Comparison of the machining behavior of additively manufactured in 625 and cast wrought in 625

Abstract

Additive manufacturing has recently gained momentum as new technologies have made possible three-dimensional (3D) printing of functional parts; especially in the aerospace sector, where intricate parts fabricated from superalloys are demanded. The strength of the additive materials may be larger than the strength of conventional counterparts. Ductility and resistance to fracture tend to be lower in additive materials compared to conventional materials. Furthermore, surface finish and dimensional accuracy are difficult to control directly from 3D printing. For these reasons, hybrid-processing involving finishing by machining are required; but the behavior of the additive materials during machining is not known. This research aims at closing this knowledge gap by initiating comparisons between the machining behavior of additively manufactured (AM) and cast-wrought (CW) superalloy IN 625. An experimental study of the velocity field that develops within the primary shear zone (PSZ), and the resulting machining force and chip morphology has been carried out to compare the machinability of these two materials. An ultrahigh speed imaging system was used to capture 8 sequential images at a frame rate of 200 KHz. The velocity field was obtained by digital image correlation (DIC).

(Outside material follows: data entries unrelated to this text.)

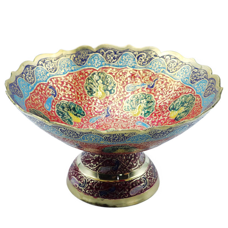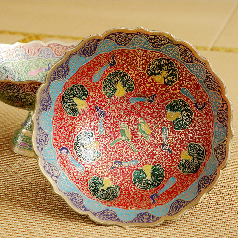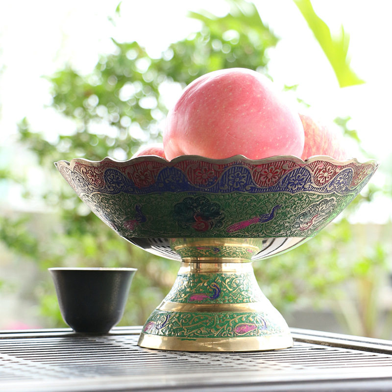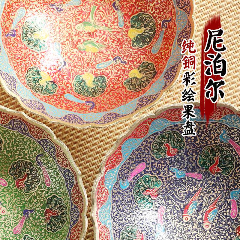 Nepalese colour painted pure copper fruit disc large number high foot retro dry fruit tray for fruit tray Home table decoration hem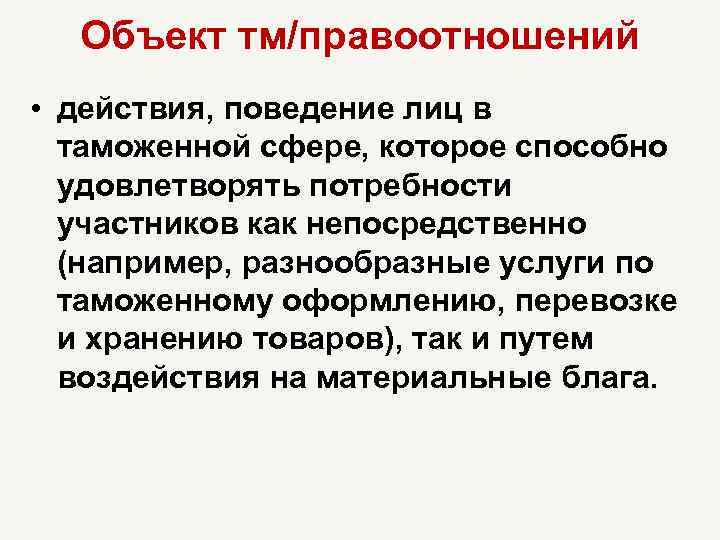 Объект тм/правоотношений • действия, поведение лиц в таможенной сфере, которое способно удовлетворять потребности участников как непосредственно (например, разнообразные услуги по таможенному оформлению, перевозке и хранению товаров), так и путем воздействия на материальные блага.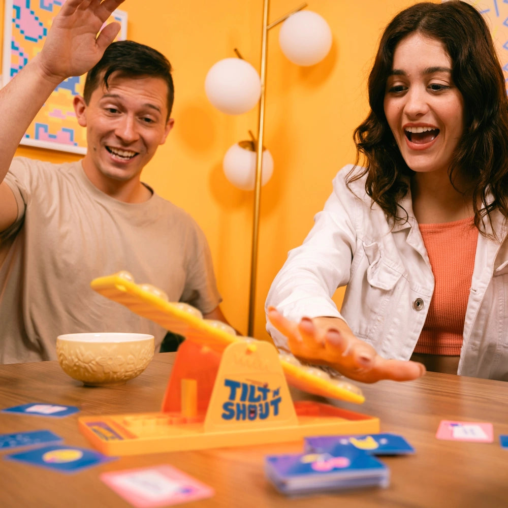 The Tilt 'n' Shout Game is a back and forth, shouty-outy experience for two teams. Both teams have to shout out answers to the same category in turn. If a team goes blank, and can't think of an answer in time, the other team captures the ball and wins the round. But watch out, this game comes with underdog comeback technology, so the better you do, the harder it is to win.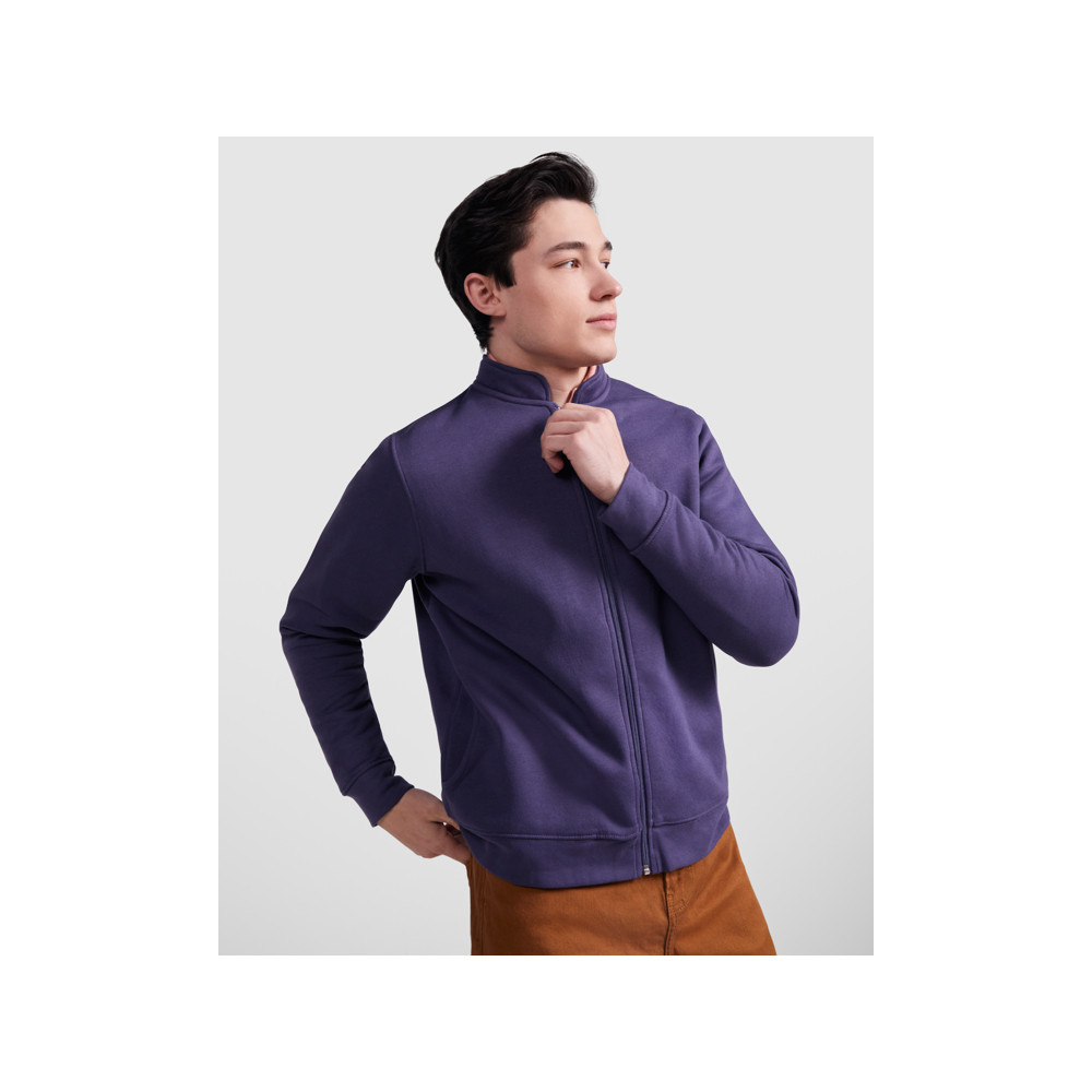 Veste en maille molleton gratté avec col Mao. Bande de propreté renforcée a l'encolure. Fermeture éclair central avec curseur ton sur ton. Poches latérales. Poignets et ceinture en côte 1x1.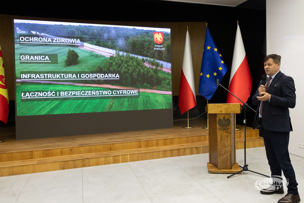 Wicestarosta zaznaczył, że trzy przedstawione obszary – ochrona zdrowia, granica oraz infrastruktura – są kluczowe dla bezpieczeństwa i rozwoju regionu. Wskazał również na czwarty, równie istotny aspekt, który omówił Jerzy Białomyzy, członek Zarządu Powiatu Sokólskiego.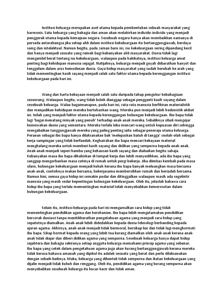 Contoh Karangan SPM. Namun di sebalik itu kita acap kali tersentak oleh pelbagai masalah yang menjadi factor hubungan. Disamping itu antara punca yang menyebabkan hubungan sesebuah keluarga menjadi renggang ialah disebabkan menteliti ibu bapa di Malaysia yang sempit.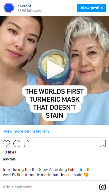 Aavrani, Cocokind, and Glow Recipe are three Asian-owned beauty and skincare brands that cater to the particular value-adds that AAPI consumers are looking for. Their marketing creatives spotlight natural ingredients like turmeric and cloudberry, and the video-based format of their creatives allows them to go into detail about how these ingredients blend traditional values with forward-thinking innovation.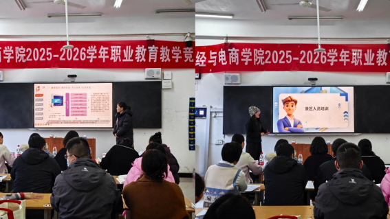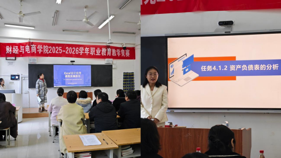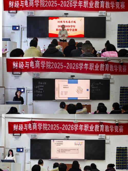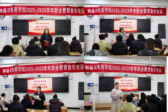 为深入贯彻职业教育改革精神,推动课堂教学创新与教学质量提升,2025年12月3日,财经与电商学院在教学楼B120教室成功举办2025-2026学年职业教育教学竞赛活动。学院全体专兼职教师齐聚一堂,共同观摩了这场教学技艺的交流盛会。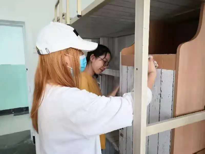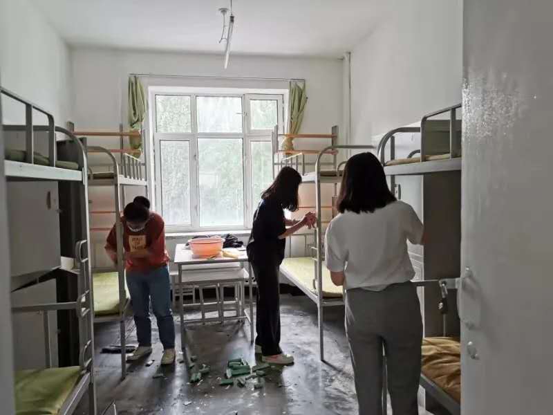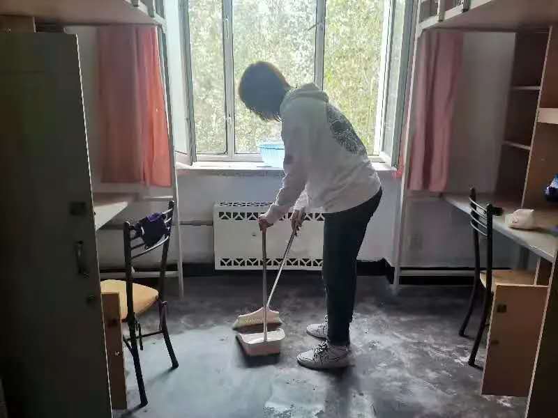 员工组织的同学们根据事先安排好的任务,携带好打扫寝室过程中需要的物品,前往指定寝室开展打扫工作。同学们进入寝室后,便立刻开始工作,扫除地面角落的污垢、清除窗台上沉积的灰尘,打扫地面上的杂物。对于寝室的桌椅、衣柜、床铺等寝室内设施都仔细进行清洁,使闲置已久的寝室焕然一新。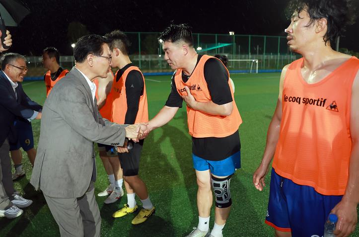 이날 심덕섭 군수는 족구 출전을 위해 연습하고 있는 스포츠타운 족구장을 시작으로 탁구, 야구, 축구 전용구장, 풋살 연습장인 나들목 공원 등을 차례로 방문해 격려했다.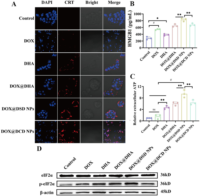 ER stress was reported to be involved in ICD induction [38,39]. Therefore, we further investigated the activation of the ER stress-related proteins like eukaryotic initiation factor 2 alpha (eIF2α). The Western blot (WB) analysis released that DHA@DOX, increased the expression of phospho-eIF2α (p-eIF2α), indicating stronger ER stress. Additionally, among the five drug treatment groups, DOX@DSD NPs were the most effective in promoting the phosphorylation of eIF2α (Fig. 3D and Fig. S15 in Supporting information), with a p-eIF2α/eIF2α expression ratio of approximately 0.9. This led to more pronounced ER stress, increased CRT exposure, and elevated secretion of ATP and HMGB-1. These results suggested that DHA enhanced the DOX's ability to induce ICD effect, especially with DOX@DSD NPs, likely due to the efficient internalization of DOX@DSD NPs into tumor cells and rapid release free DHA.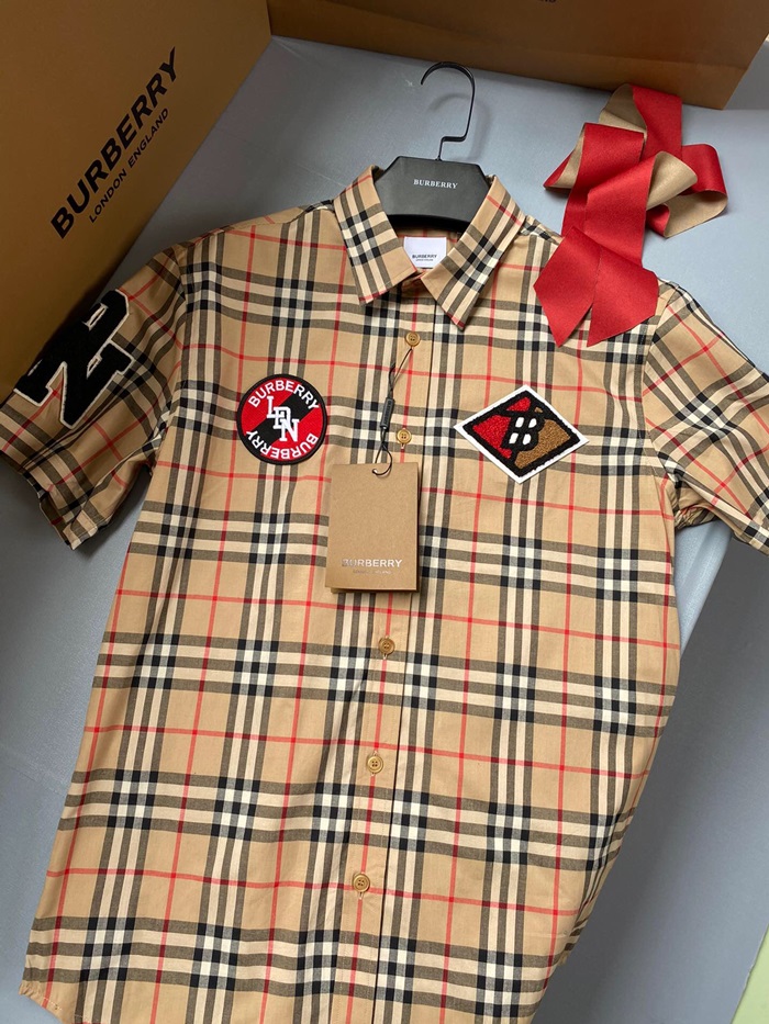 バーバリーバーバリーメンズヴィンテージチェックシャツr02412.ブラウン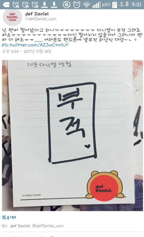 아 그리고 팬싸에서 녜리가 광탈하지 말라고 부적 써줬대 이거 본 녤부리들 모두 당첨길 걷자 (나도 제발..사이버 가수 덕질 멈추고 싶다)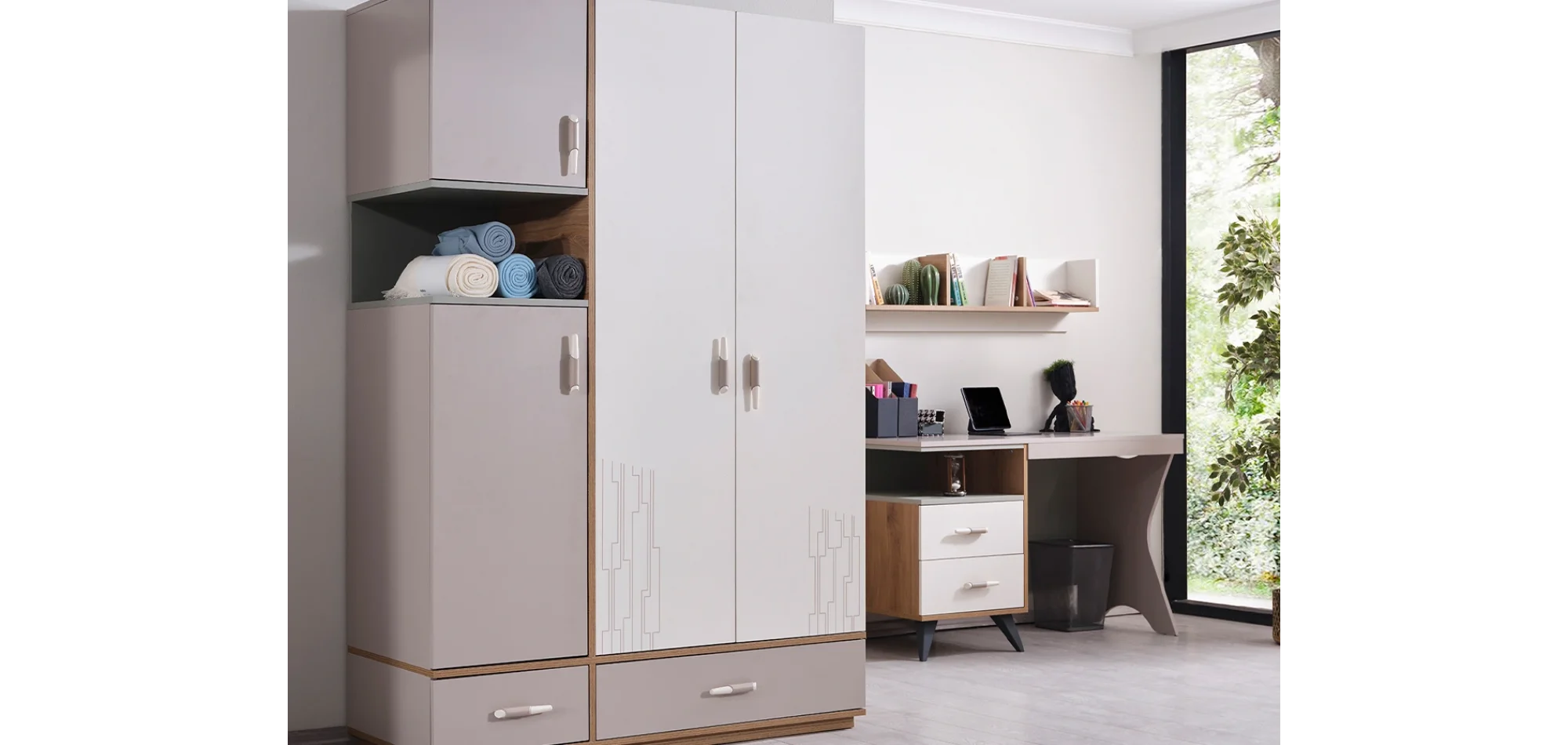 3 kapılı Dolap + 120 lik Karyola + Çalışma Masası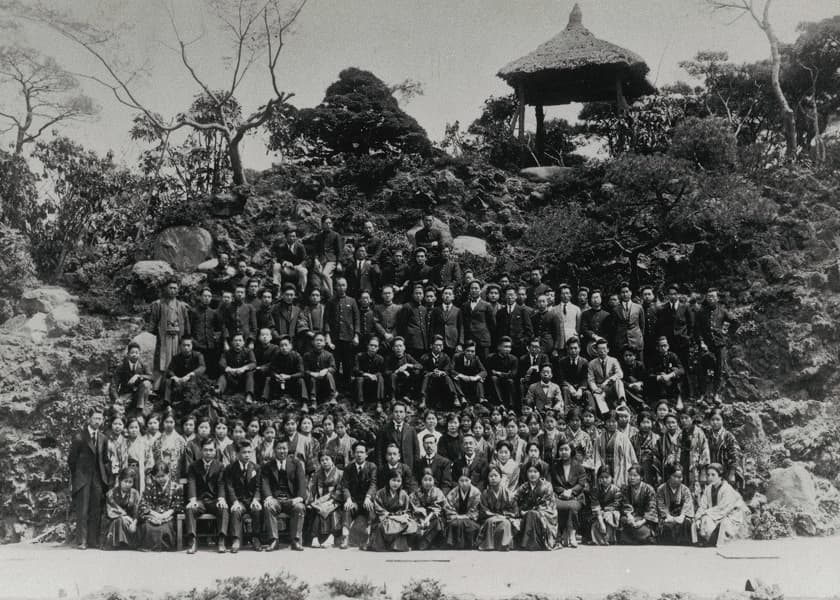 第1回入学生(仮校舎のあった新宿園にて) 創立時の想いは、その後「自由、自主、自律」という基本理念に集約され、現在に至っています。
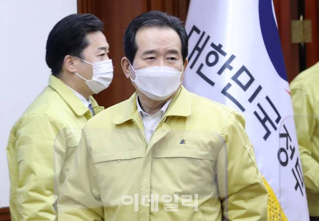 [이데일리 이영훈 기자] 정세균 국무총리가 18일 오전 서울 종로구 정부서울청사에서 열린 코로나19 대응 중앙재난안전대책본부 회의에 참석하고 있다.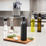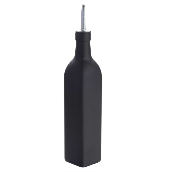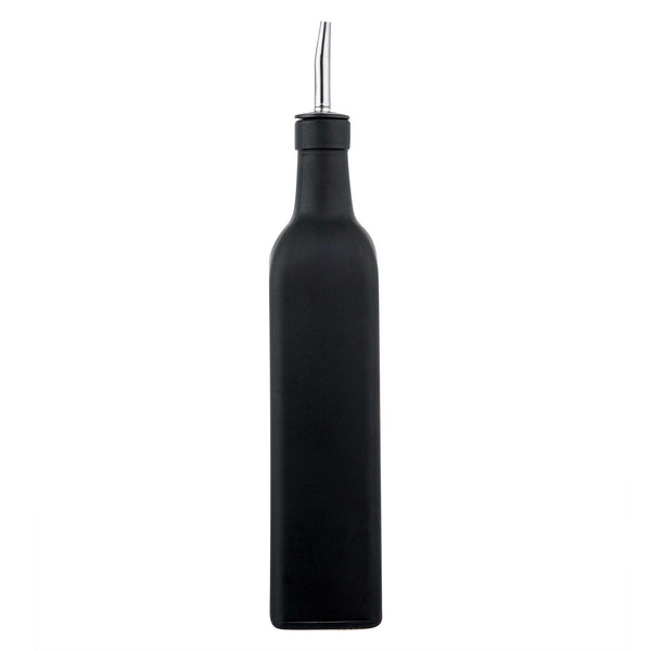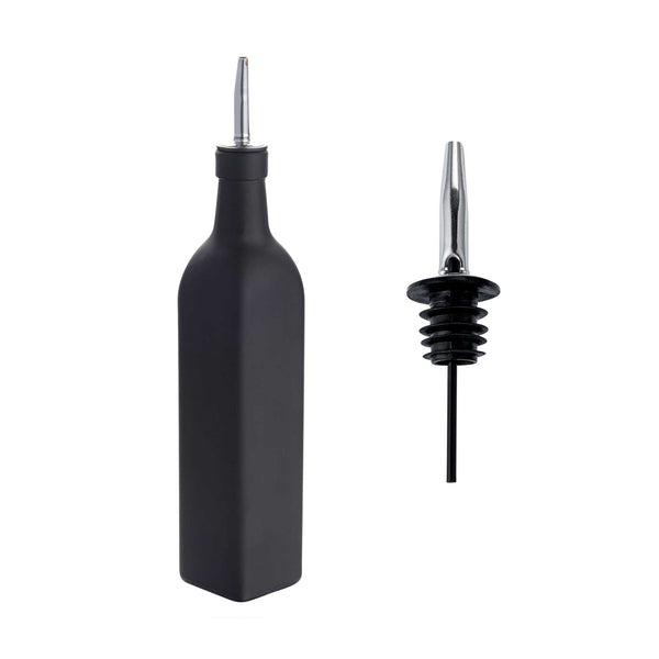 Drizzle vinegar on salads with our Chef 101 16.9-ounce Black Glass Olive Oil Dispenser. Featuring a matte black finish, this oil and vinegar bottle adds a touch of elegance to your already stylish tablescapes and makes it difficult for light to reach into the bottle and ruin the oil's potency. With a stainless steel pourer, this oil dispenser bottle won't leak liquids while pouring to avoid making a mess. Plus, it includes a funnel kit for smooth pouring. This cooking oil dispenser holds up to 16.9 ounces of vinegar or dressing. Measuring 12.4 inches tall by 2.4 inches wide, this oil bottle is the perfect size for placing on your restaurant's dining tables. Sold in a 1 count box.

Forces were recorded using a piezoelectric dynamometer. Chips were observed by 3D profilometry. While differences in forces were not resolvable, there were substantial differences in strain rate and chip morphology. The strain rate from AM IN 625 was lower than that from CW IN 625. In the case of CW IN 625 full serration across the width of the chips indicated adiabatic shear banding. In the case of AM IN 625, partial the serration patterns indicated that material failure was still operative, but it did not result from adiabatic shear banding. The implications of these mechanistic effects are being correlated to economically relevant outputs such as machine tool vibrations, and tool temperature and wear.